Structured Data with Spark SQL
Spark SQL is a component added in Spark 1.0 that is quickly becoming Spark’s preferred way to work with structured and semistructured data. By structured data, we mean data that has a schema—that is, a consistent set of fields across data records.
- Apache Hive: One common structured data source on Hadoop is Apache Hive. Hive can store tables in a variety of formats, from plain text to column-oriented formats, inside HDFS or other storage systems. Spark SQL can load any table supported by Hive.

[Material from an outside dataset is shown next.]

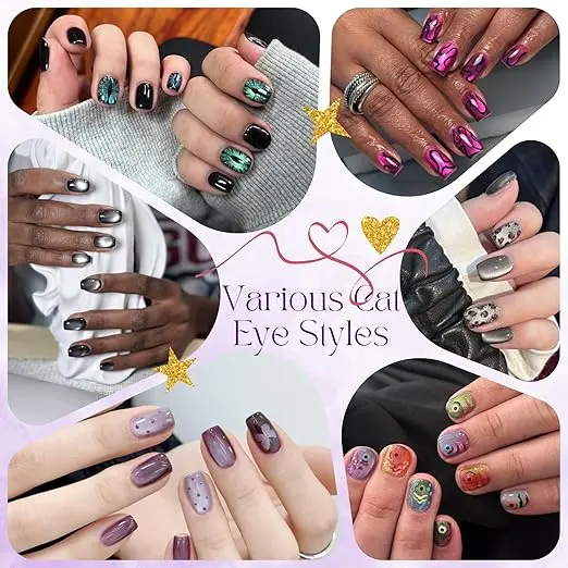 ·Strong Cat Eye Gel Nail Polish Magnet for Instant Effect: With ultra-strong magnetic cores, this cat eye nail magnet captures metallic particles instantly. Achieve sharp, salon-level lines in seconds-no blur, no smudge. Perfect plump effect every time.

- JSON: If you have JSON data with a consistent schema across records, Spark SQL can infer their schema and load this data as rows as well, making it very simple to pull out the fields you need. To load JSON data, first create a HiveContext as when using Hive. Then use the HiveContext.jsonFile method to get an RDD of Row objects for the whole file.
Spark can access several popular databases using either their Hadoop connectors or custom Spark connectors.
Java Database Connectivity: Spark can load data from any relational database that supports Java Database Connectivity (JDBC), including MySQL, Postgres, and other systems. To access this data, we construct an org.apache.spark.rdd.JdbcRDD and provide it with our SparkContext and the other parameters.
Cassandra: Spark’s Cassandra support has improved greatly with the introduction of the open source Spark Cassandra connector from DataStax. Since the connector is not currently part of Spark, you will need to add some further dependencies to your build file. Cassandra doesn’t yet use Spark SQL, but it returns RDDs of CassandraRow objects, which have some of the same methods as Spark SQL’s Row object.
HBase: Spark can access HBase through its Hadoop input format, implemented in the
org.apache.hadoop.hbase.mapreduce.TableInputFormat class. This input format returns key/value pairs where the key is of type org.apache.hadoop.hbase.io.Immu tableBytesWritable and the value is of type org.apache.hadoop.hbase.client.Result. The Result class includes various methods for getting values based on their column family, as described in its API documentation.
Elasticsearch: Spark can both read and write data from Elasticsearch using Elasticsearch-Hadoop. Elasticsearch is a new open source, Lucene-based search system. The Elasticsearch connector is a bit different than the other connectors we have examined, since it ignores the path information we provide and instead depends on setting up configuration on our SparkContext.